MILITARY UPDATE
Proof of savings key to merging exchanges
By Tom Philpott
The biggest obstacle to consolidating the three military exchange services into a single system will be proving to Congress and skeptical service leaders that the effort will save money for patrons, says retired Air Force Maj. Gen. Charles J. Wax, director of the Unified Exchange Task Force.
"My most difficult challenge is to produce the empirical evidence that proves what appears to be intuitively obvious," that moving to a single exchange service will eliminate "redundant overhead and duplication of processes" and, in turn, raise profits, Wax said.
The task force is to deliver a plan on exchange consolidation to Congress by late January 2005. Various studies over the past 30 years have recommended combining the three exchange systems, Wax said. Annual projected savings have ranged from $13 million to $206 million.
Will actual savings be closer to the smaller or larger figure?
"I would like to be able to say definitively one way or the other," said Wax. "I cannot."
Previous studies all had weaknesses, he said. Service leaders have yet to be convinced consolidation is a good idea.
"They are asking the same kinds of questions you are: 'How many people (impacted)? How many dollars (saved)? And that level of analysis is not yet complete."
What is driving the move for consolidation now is a May 8, 2003, memo from Deputy Defense Secretary Paul Wolfowitz.
"I have decided," he wrote, "that a single optimized Armed Service exchange system would best serve the department and exchange patrons."
Wolfowitz directed Charles Abell, principal deputy undersecretary of defense for personnel, to oversee the effort. Abell, in turn, formed the task force to develop an integration plan. He made Wax, former commander of the Army and Air Force Exchange Service, task force director.
About 30 percent of exchange profits are used to staff, maintain and modernize stores. Seventy percent goes to the services as "dividends" to finance their morale, welfare and recreation programs.
If consolidation can cut costs, Wax said, military people gain. The extra dollars would be used to lower prices, improve store operations and increase the MWR dividend, all of which would benefit patrons and allow exchanges to compete more effectively with off-base retailers like Wal-Mart.

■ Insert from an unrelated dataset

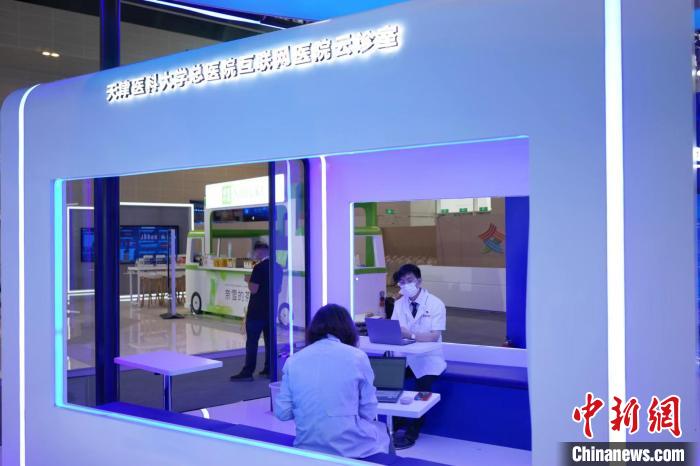 在天津醫(yī)科大學(xué)總醫(yī)院展廳,醫(yī)生在“云診室”通過互聯(lián)網(wǎng)醫(yī)院接診患者。記者了解到,在大會(huì)上,天津醫(yī)科大學(xué)總醫(yī)院宣布與科瑞泰醫(yī)療信息技術(shù)(天津)有限公司、360數(shù)字安全集團(tuán)天津公司、銳捷網(wǎng)絡(luò)股份有限公司、中國(guó)移動(dòng)通信集團(tuán)天津有限公司等開展合作,共同開啟互聯(lián)網(wǎng)醫(yī)院醫(yī)聯(lián)體“1236N”醫(yī)療健康服務(wù)新體系的建設(shè)之路。

The three exchange services, AAFES, the Navy Exchange Service (NEX) and Marine Corps Exchange (MCX) have combined worldwide sales of $10.5 billion. Average savings to patrons on a market basket of goods range from 21.9 percent at AAFES to 15.8 percent in Navy-run stores.

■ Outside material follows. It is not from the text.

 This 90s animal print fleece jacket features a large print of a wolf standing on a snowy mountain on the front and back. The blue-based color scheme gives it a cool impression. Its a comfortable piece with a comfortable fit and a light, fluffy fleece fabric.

Navy and Marine exchange commanders criticized the consolidation process in congressional testimony last month.
Rear Adm. William Maguire, days before retiring as NEX commander, said he still had not seen a "sound business case" to support consolidation.
Retired Brig. Gen. Michael P. Downs, director of Personnel and Family Readiness Division at U.S. Marine Corps Headquarters, said the task force only provided cover for a pre-ordained consolidation plan.